# Auger won't start



## Tango (Aug 19, 2002)

I have an ardisam viper earth auger. http://www.northerntool.com/shop/tools/product_200311261_200311261
The motor is not too old, only about 4- 5 years but has barely been used - last 3 years in storage without fuel. When I went to pull start, it started fine but noticed the fuel line had deteriorated so I ordered one, it arrived and I installed it today. Fresh gas/ oil mixture, easy installation of a fuel line, no tools required, pretty sure I got it right. Won't start. Two hours of attempts, wouldn't start. Checked manual went through all the suggestion for troubleshooting but wouldn't start. 
Any suggestions?


----------



## fishhead (Jul 19, 2006)

What does your spark plug look like?


----------



## Tango (Aug 19, 2002)

clean. i don't have the tool to take i out but no rust, no oil, looks new from the top


----------



## backwoodsfarmer (Jul 27, 2010)

The top of the plug only tells half of the tale. Go ahead and pull it out and take a look at the electrode end. 

~~BWF


----------



## bigjon (Oct 2, 2013)

if u have a pc of extra fuel line,remove carb end of fuel line-slide clean end of new line on carb fitting-gently blow into line to free (open) inlet needle-u'll know when it opens.reinstall fuel line and start.been there.


----------



## fordy (Sep 13, 2003)

..............Tango , if this is the typical hand held auger , I hope you realize it doesn't have .........REverse.......IF it gets stuck about 3 feet deep , it will take a hoist to extract it from the hole ! These things can really tear your shoulders........UP , Please be very careful when you start digging holes . You should beable to hire someone with a Digger to dig all your holes for a dollar hole I'd think . , fordy


----------



## fishhead (Jul 19, 2006)

It would be a good idea to own a spark plug socket. They aren't that expensive and you will need one if you have any small engines that you depend on.

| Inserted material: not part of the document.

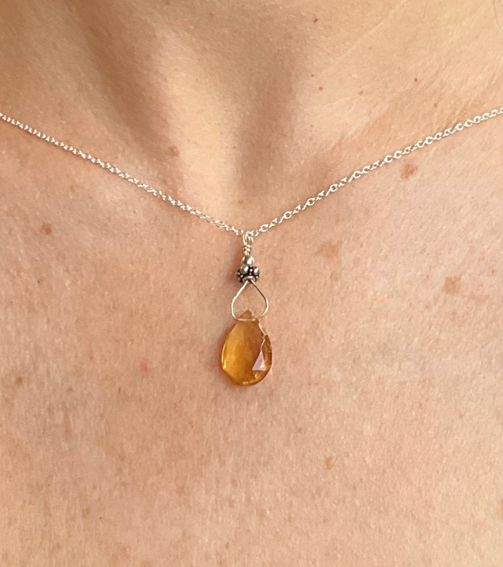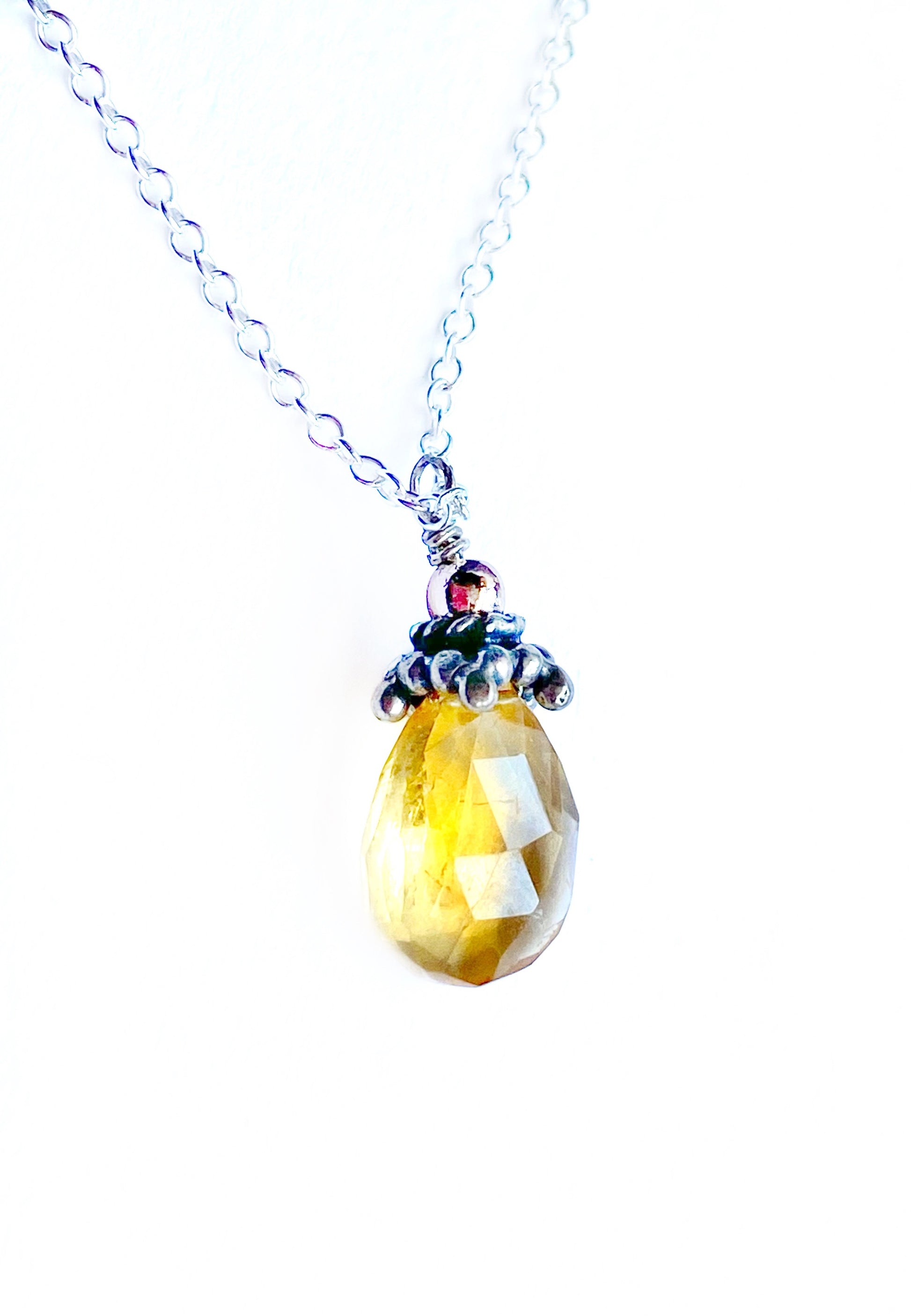 Faceted 10mm citrine briolette with sterling silver cap and ball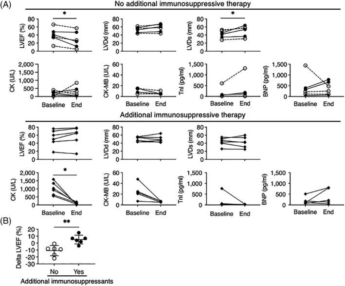 Methods and results: The clinical data of 15 AMA-positive myositis patients with cardiac involvement were retrospectively collected at our centre. To evaluate the effects of immunosuppressive therapy, echocardiographic and laboratory data of patients who received glucocorticoid therapy with additional immunosuppressants (n = 6) and those who did not (n = 6) were compared. Also, the characteristics of patients with or without >5% LV ejection fraction (LVEF) decline during the follow-up period (n = 5 vs. n = 7) were compared. Thirteen patients (87%) had arrhythmias, and eight patients (53%) had LV wall motion abnormalities. Although arrhythmias decreased after treatment, reduced LVEF and LV wall motion abnormalities persisted. Further investigation revealed an increased LV end-systolic dimension and reduced LVEF in patients without additional immunosuppressive therapy, while those in patients with additional immunosuppressive therapy were maintained. Six of seven patients (86%) without LVEF decline received additional immunosuppressive therapy, whereas no patients with LVEF decline had additional immunosuppressive therapy.

What I was wondering is if the plug was wet. That should tell you if it's getting fuel.

You can also pull the plug and test the spark by laying the metal end of the plug on the engine head and pulling the cord. Do NOT touch the end of the plug while you pull the cord or it will rattle your teeth like a hot fence charger.


----------



## Tango (Aug 19, 2002)

hey Fordy, thanks  yeah, this one is a lot heavier than my old one, which my neighbor used as a jackhammer and ruined  i don't like it too much was hard to do my last fence with it about 4 years ago but way easier than the post hole digger, if i could get it to start. i've no money to hire anyone to help but my experience with hiring helpers shows that i would rather do it myself  and suffer the consequences.


----------



## Tango (Aug 19, 2002)

bigjon said:


> if u have a pc of extra fuel line,remove carb end of fuel line-slide clean end of new line on carb fitting-gently blow into line to free (open) inlet needle-u'll know when it opens.reinstall fuel line and start.been there.


thanks will try today.


----------



## Tango (Aug 19, 2002)

fishhead said:


> It would be a good idea to own a spark plug socket. They aren't that expensive and you will need one if you have any small engines that you depend on.
> 
> What I was wondering is if the plug was wet. That should tell you if it's getting fuel.
> 
> You can also pull the plug and test the spark by laying the metal end of the plug on the engine head and pulling the cord. Do NOT touch the end of the plug while you pull the cord or it will rattle your teeth like a hot fence charger.


thanks  i know they are not expensive but i literally have started all over again and am just lucky that someone loved me enough to store expensive farm equipment for me in case i ever returned. will pick one up when i next go to town. i know they are very handy. i remember watching my father do what you describe


----------



## Ozarks Tom (May 27, 2011)

When you pulled the old line off, did you turn a valve to stop flow from the tank?


----------



## Tango (Aug 19, 2002)

Ozarks Tom said:


> When you pulled the old line off, did you turn a valve to stop flow from the tank?


Thanks. There is no shut off valve that I have seen or read about.


----------



## Tango (Aug 19, 2002)

Just wanted to say that it started right up this week. the temperature 70 (this week) versus the 40's before, i think makes a difference. that and my ds is stronger than me


----------



## wy_white_wolf (Oct 14, 2004)

fordy said:


> ..............Tango , if this is the typical hand held auger , I hope you realize it doesn't have .........REverse.......IF it gets stuck about 3 feet deep , it will take a hoist to extract it from the hole ! These things can really tear your shoulders........UP , Please be very careful when you start digging holes . You should beable to hire someone with a Digger to dig all your holes for a dollar hole I'd think . , fordy


Pipe wrench works good for a reverse to get them out when they get stuck.

WWW


----------